BOOKS are both a boon and a bane to Hollywood. On the one hand, Tinseltown loves raiding the book shelf; on the other, fans of a novel often bemoan that the resulting film is not fit to lace the book's spine.

That is missing the point. What matters is whether a film works as a film: last month, Bridget Jones's Diary missed the cynicism and English minutiae of Helen Fielding's original diaries but it succeeded as an old-fashioned, English romantic comedy with added Nineties neuroses, fake snow, social stereotypes and Richard Curtis one-liners.

Now, Louis de Bernieres' holiday-reading favourite takes its turn to undergo the Hollywood make-over into an unlikely wartime romance with the usual consequences of asking A-list names - Cage, Bale, Hurt - to take on accents and manners foreign to them.

Those who couldn't read beyond the difficult opening 100 pages will no doubt welcome the simplification and lighter tone; those who haven't read it - my excuse: I've been too busy in the darkness of theatres, cinemas and music halls - will focus solely on John Madden's prettily-filmed Greek island movie and plan their next holiday in the sun; those who love de Bernieres will go on about what's missing: the gravitas.

The film isn't as wonderful as you would wish nor as bad as the book devotees might have feared: competent all round but without a sense of danger or dare.

The Greek tourist board will be thrilled at how beautiful Cephallonia looks; you will fall in love with this island, even if neither the elfin-looking Penelope Cruz nor the mis-cast Nicolas Cage engage your emotions in the same way.

Men will spend far too much time deciding whether Spaniard Cruz is pretty or merely a quirky Hispanic Bjork.
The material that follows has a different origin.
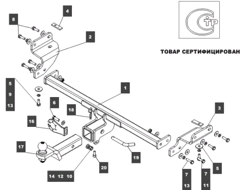Фаркоп с оцинк. шаром Renault Sandero Stepway 2014-, Renault Logan Stepway 2019-, Renault Logan 2004-2014, 2014-, Renault Sandero 2014- 91717-A

She plays Greek beauty Pelagia, who is betrothed to the patriotic fisherman Mandras (Christian Bale, in Action Man beard), against the wishes of her doctor father.

The year is 1940, and off Mandras goes to fight the Italians in Albania, failing to respond to any of Pelagia's 100 love letters. Into Cephallonia come the occupying Italians, not least Nicolas Cage's Puccini-loving, sensitive and handsome Captain Corelli, who likes to carry a mandolin rather than a gun.

Corelli, and his wooing mandolin, makes his move on the initially resistant Pelagia and so begins another period romance for John Madden to engineer, following on from Shakespeare In Love. Alas, Cage is simply too Hollywood American to be charmingly Italian and Cruz is yet to match the hype, her acting lacking depth and drama.

Of the English cast members, David Morrissey looks uncomfortable as a German officer but John Hurt overcomes the shock of a hedgehog haircut to enjoy the sage narrator's role of coffee house philosopher Dr Iannis, issuing prescriptions on the vagaries and ailments of love: one of the more memorable aspects of Shawn Slovo's screenplay.

As in Giuseppe Tornatore's Malena, the Second World War is largely reduced to a wallpaper role in the cause of celluloid romance, until a massacre scene jolts you into remembering how brutish, short and nasty life can be. At that point, Captain Corelli's Mandolin acquires an impact previously lacking but another layer of gloss is applied in the finale. Too much make-up, not enough pock marks.